Broken Windows–style policing was pivotal in achieving these results. Left unchecked, street corners can degenerate into criminogenic environments. The bullies take over. They drink alcohol and take drugs openly, make excessive noise, intimidate and shake down honest citizens, engage in scams and criminal enterprises—and, worst of all, fight with one another, often with firearms. Conditions like these drove up shootings in New York City to 5,269 per year in 1993. To counter the violence, the NYPD undertook a concerted effort, beginning in 1994, to regain control of street corners and commercial strips, using quality-of-life policing as an essential tool. By cracking down on low-level offenders, the police not only made neighborhoods more orderly; they discovered that many misdemeanor offenders were also wanted for serious crimes, from illegal gun possession to murder. In the next four years, annual shootings fell by nearly 3,300 incidents—or about two fewer shootings per day. This helped reduce the numbers of murders, too, with New York experiencing the four largest drops in homicide in the city’s history, including spectacular declines of 369 incidents in 1994 and 401 incidents in 1995, cutting murders by more than one a day in each of those years.

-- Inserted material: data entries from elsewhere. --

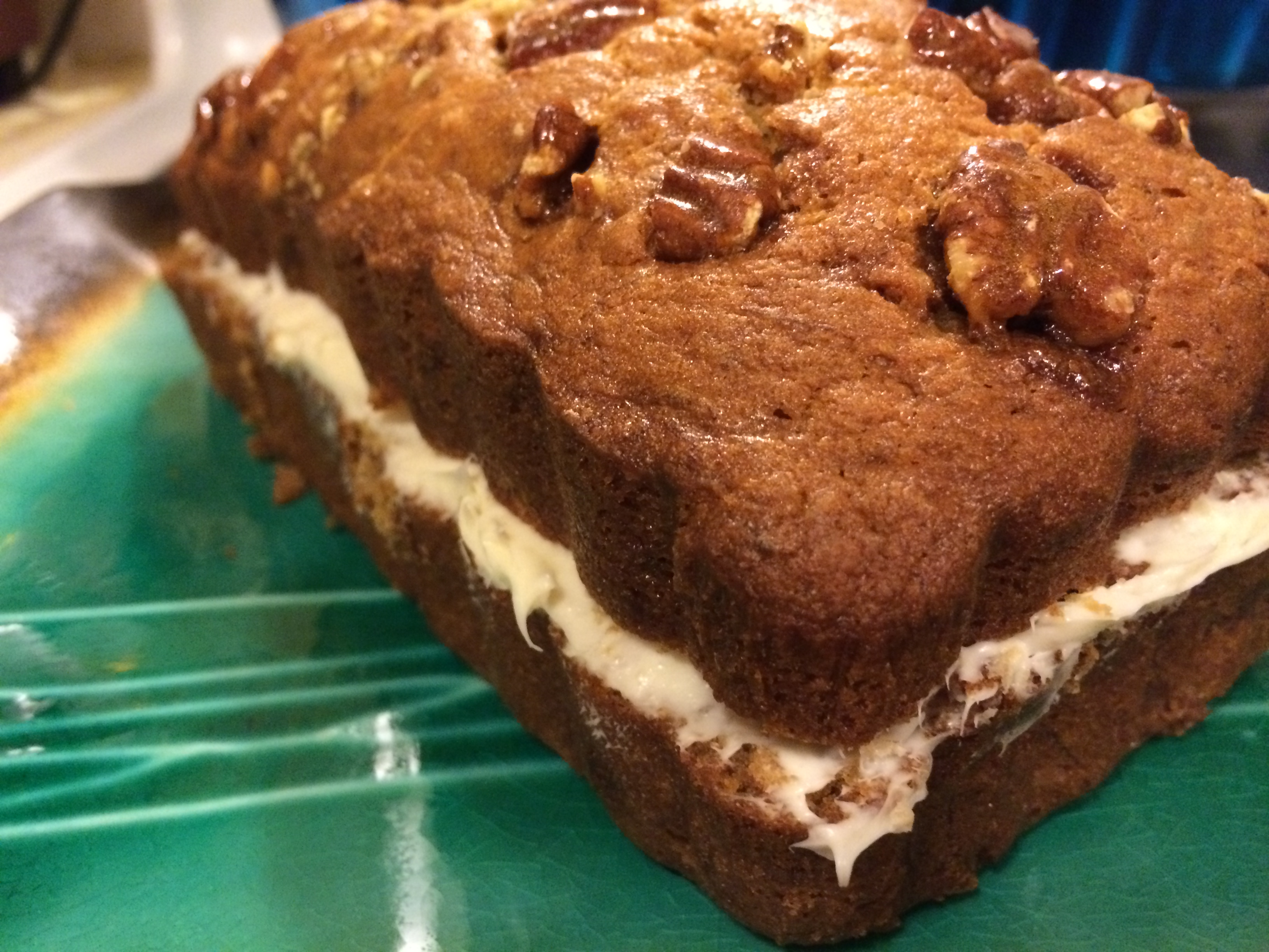 19. Spread cream cheese frosting evenly over bottom half. (Recipe below)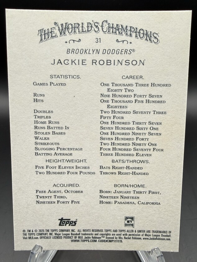 Jackie Robinson 2025 Topps Allen & Ginter Foil Fillatate SP #31
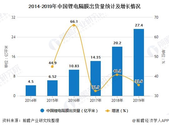 受上述因素的影响,2019年中国锂电隔膜出货量为27.4亿平米,同比增长35.6%,仍然保持快速增长的态势。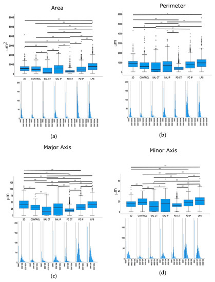 For the minor axis feature, the highest mean value was displayed by the microglia cells that grew in 2D with the LPS stimulus (LPS). No differences were found between the cells that grew on the control matrices (CTRL) and those seeded on the ipsilateral region of the 6-OHDA-lesioned mice (PD IP). Moreover, no differences were found between the ipsilateral hemispheres of the saline and 6-OHDA-lesioned mice (SAL IP and PD IP).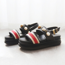 厚底松糕凉鞋女学生2017夏季新款百搭平底漏趾珍珠简约一字带罗马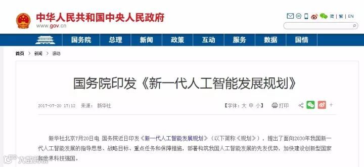 新华社北京7月20日消息,国务院印发《新一代人工智能发展规划》(以下简称《规划》),提出了面向2030年我国新一代人工智能发展的指导思想、战略目标、重点任务和保障措施,部署构筑我国人工智能发展的先发优势,加快建设创新型国家和世界科技强国。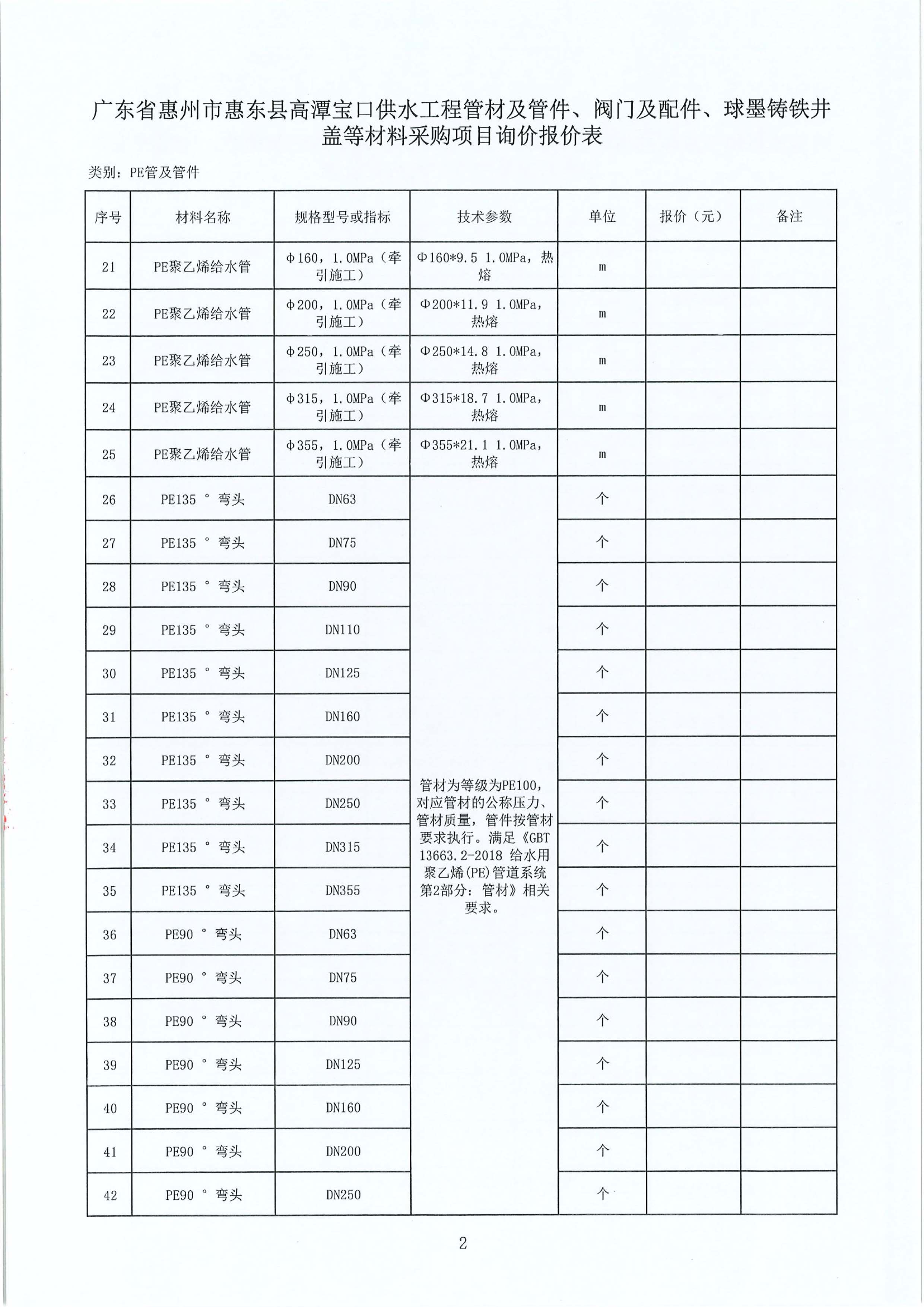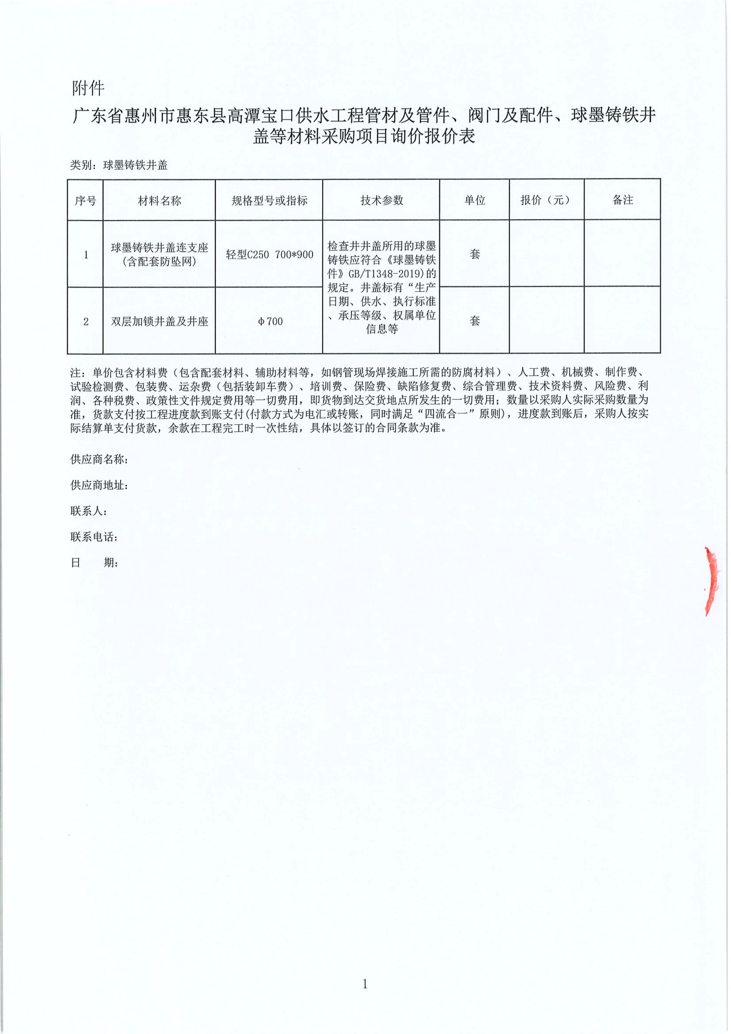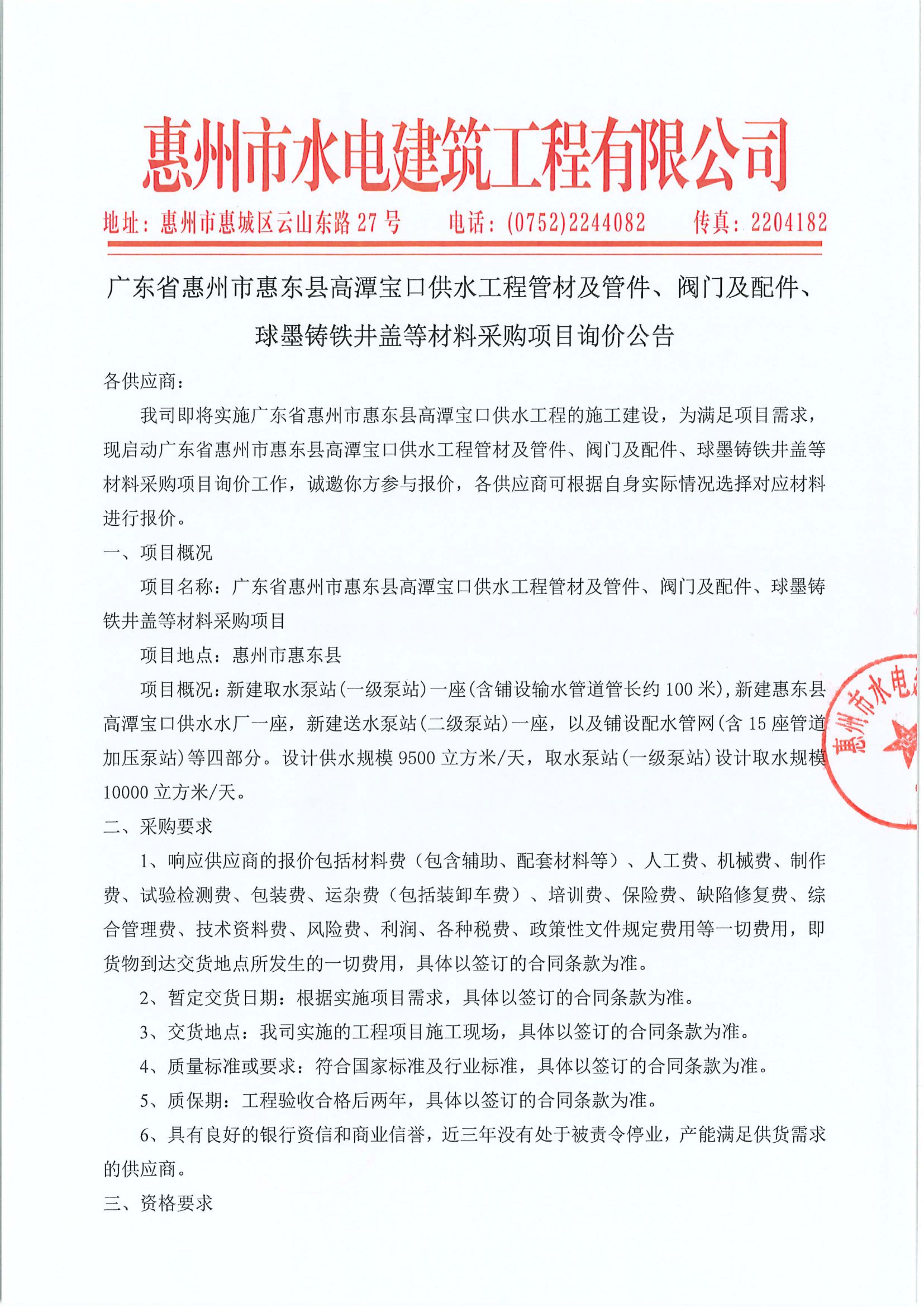 廣東省惠州市惠東縣高潭寶口供水工程施工管材及管件、閥門及配件、球墨鑄鐵井蓋等材料采購項(xiàng)目詢價(jià)公告

Current crime levels don’t stay down by themselves because of some vaguely defined demographic or economic factor. Crime is actively managed in New York City every day. The Compstat process and the NYPD command-accountability system focus precinct commanders and investigators on crime spikes and direct attention and resources to suppressing shootings, robberies, burglaries, larcenies, and auto thefts as soon as the patterns appear. Just as important, NYPD patrol officers manage street conditions daily, with police presence and quality-of-life enforcement, to keep crime-fostering conditions from taking hold. The police department continually seeks to reduce the opportunities for crime. The shooting doesn’t happen, the robbery doesn’t happen, the burglary doesn’t happen because the police have prevented them.

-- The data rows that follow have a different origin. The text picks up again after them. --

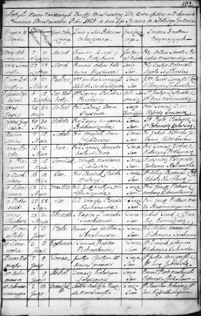 1. Wpisy o chrztach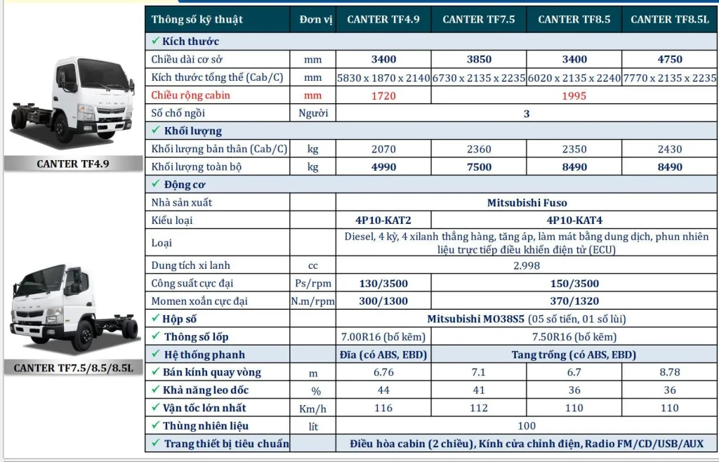 1. Giới thiệu xe Canter TF7.5, TẢI 3.49 TẤN, Thùng 5m2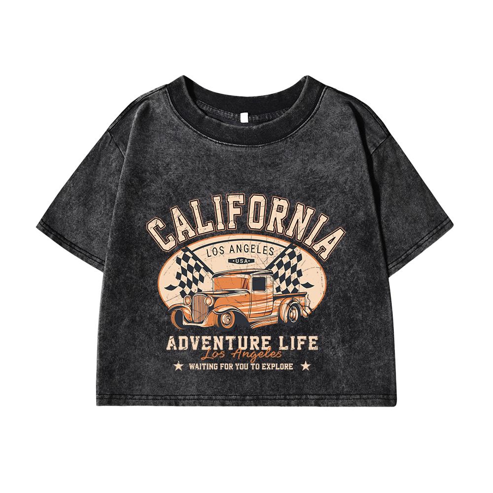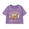 Женские хлопковые кроп-топы тренд O-образный вырез потертые выстиранные футболки принт Калифорния Лос-Анджелес уличная одежда
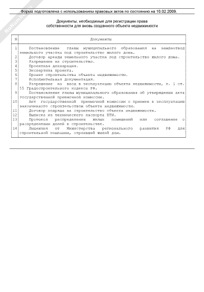 - 175Документы, необходимые для регистрации права собственности для вновь созданного объекта недвижимости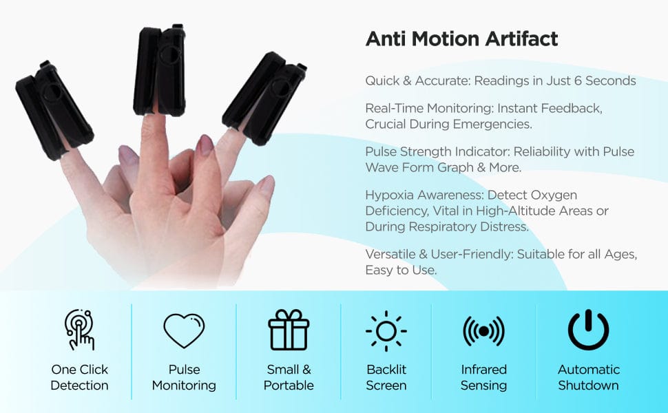 Our Oximeter is designed for the non-invasive measurements of the pulse rate and Arterial Blood Oxygen Saturation (SpO2). This device shows a real-time reading within 6 seconds and shuts down automatically when you remove your finger.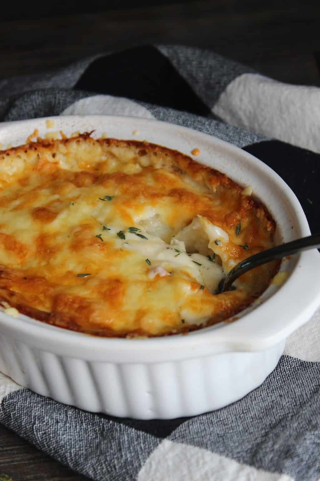 Au Gratin Potatoes: Tender sliced potatoes blanketed in layers of creamy, white Cheddar-Smoked Gouda cheese sauce with a golden, slightly crisp top.
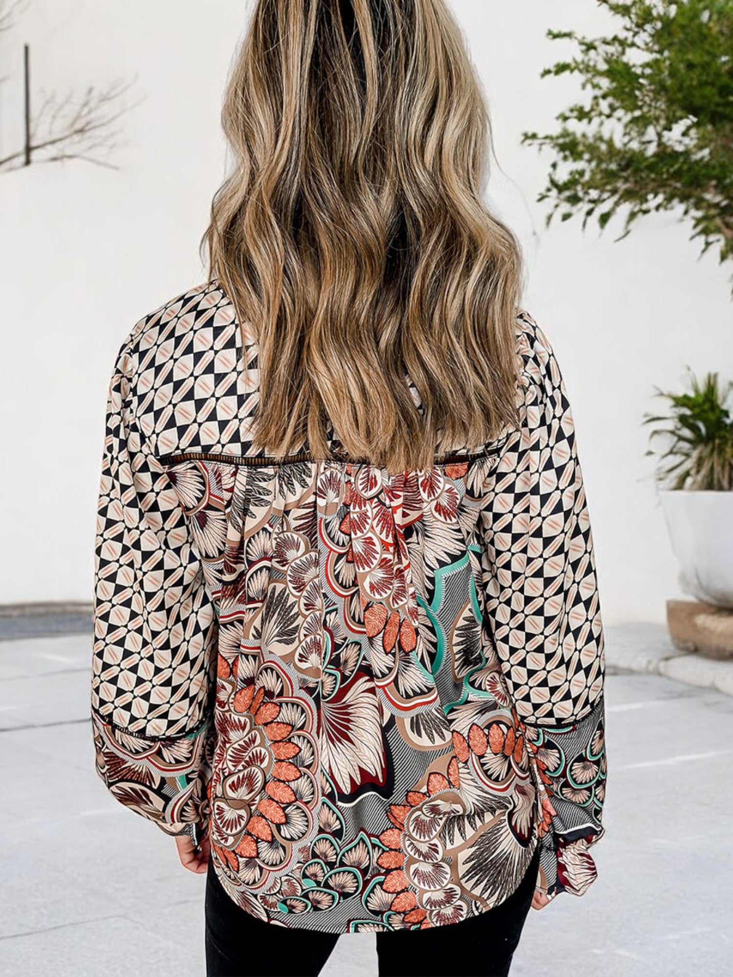Anna-Kaci Women's Long Sleeve Bohemian Patchwork Print Blouse

Until recently, Broken Windows critics could dismiss New York’s success in fighting crime as anecdotal, suggesting correlation without causation. But in recent years, at least three randomized experiments, published in refereed journals, attest to Broken Windows’ impact on crime. Rutgers criminologist Anthony Braga and his colleagues conducted two field experiments: the first in Jersey City, New Jersey; and the second in Lowell, Massachusetts. In each case, multiple high-crime areas of the city were identified and randomly assigned to experimental and control conditions. Police in the control areas continued routine policing. In the experimental areas, police took a problem-solving approach that, in both cities, involved aggressive order maintenance. Crime declined in the experimental areas at greater rates than in the control areas and was not displaced to adjacent neighborhoods.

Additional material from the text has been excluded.